SciPost Submission Page
An objective criterion for cluster detection in stochastic epidemic models
by Eugenio Lippiello and Polyzois Bountzis
Submission summary
As Contributors:  Eugenio Lippiello 
Preprint link:  scipost_202103_00025v1 
Date submitted:  20210325 00:01 
Submitted by:  Lippiello, Eugenio 
Submitted to:  SciPost Physics 
Academic field:  Physics 
Specialties: 

Approach:  Theoretical 
Abstract
The correct identification of clusters is crucial for an accurate monitoring of the spread of a disease and also in many other natural, social and physical phenomena which exhibit an epidemic structure. Nevertheless, even when an accurate mathematical model is available, no simple tool exists which allows one to identify how many independent clusters are present and to link elements to the appropriate clusters. Here we develop an automatic method for the detection of the internal structure of the clusters and their number, independently of the model that describes the dynamics of the phenomenon. It is substantially based on the difference of the loglikelihood $\delta {\cal LL}$\, that is evaluated when all elements are connected and when they are grouped into clusters. As a function of the number of connected elements $\delta {\cal LL}$ presents a change of slope and a singularity which can be both used in cluster identification. Our method is validated for an epidemic model with a minimal temporal structure and for the Epidemic Type Aftershock Sequence model describing the spatiotemporal clustering of earthquakes.
Current status:
Submission & Refereeing History
You are currently on this page
Reports on this Submission
Anonymous Report 1 on 202152 Invited Report
Report
This work describes an intriguing method for reconstructing the clusters of an epidemic model. It is based on a clever use of a loglikelihood difference and provides indicators of the best number of links for detecting optimally “immigrants” (nodes without ancestors) and clusters. I think that the papers deserves publication in SciPost because it opens a new direction in the much used field of unsupervised methods for clustering. Nevertheless, first it needs some clarifications.
– Literature: some papers by Ogata already used the loglikelihood for declustering seismicity (probably ref 8 and 9). This should be discussed in the text.
– loglikelihood: is there any rigorous reason for using the loglikelihood difference (2) or it is more about intuition?
– Algorithm: it is not clear how the algorithm is implemented in practice and how it can scale linearly with the number of links. Is there a ordering of the q_ij involved? The paper would become much clearer with a pseudocode of the main algorithm.
– Parametrization: in which sense the number of links can be used to parametrize the partitions Y? Partitions with the same number of links can be very different.
– symbol j: probably the symbol “j” used at page 4 as an increment of the number of links could be replaced with something that does not sound as the index of an event.
– R: after eq.(3) I do not understand the sentence saying that R drops fast to zero after n1*. Why is it so? Should not it be after n2*?

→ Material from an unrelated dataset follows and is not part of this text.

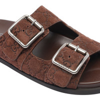 Gucci Brown Gg Slide Sandals, Round Toe, Suede Upper, Gg Logo Allover, EU SIZE (IT) Gender: Men Material: 100% SUEDE LEATHER/RUBBER SOLE Color: BROWN Made in: Italy Product ID: 816380AADUO2256 *Import tax/duty will be calculated at checkout (If applicable)

– Averages: it is not clear in which sense averages are taken: over different realizations? See e.g. sentences before eq.(4).
– Notation: numbers in the form 2E5 are unusual, normally one sees 2 \times 10^5 (as in figures’ axes).
– Figures: vertical lines in correspondence of the true number of clusters and of links would be a good guide to the eye.
– Model: the realization of the first model is not totally clear, especially concerning the immigrants’ spreading.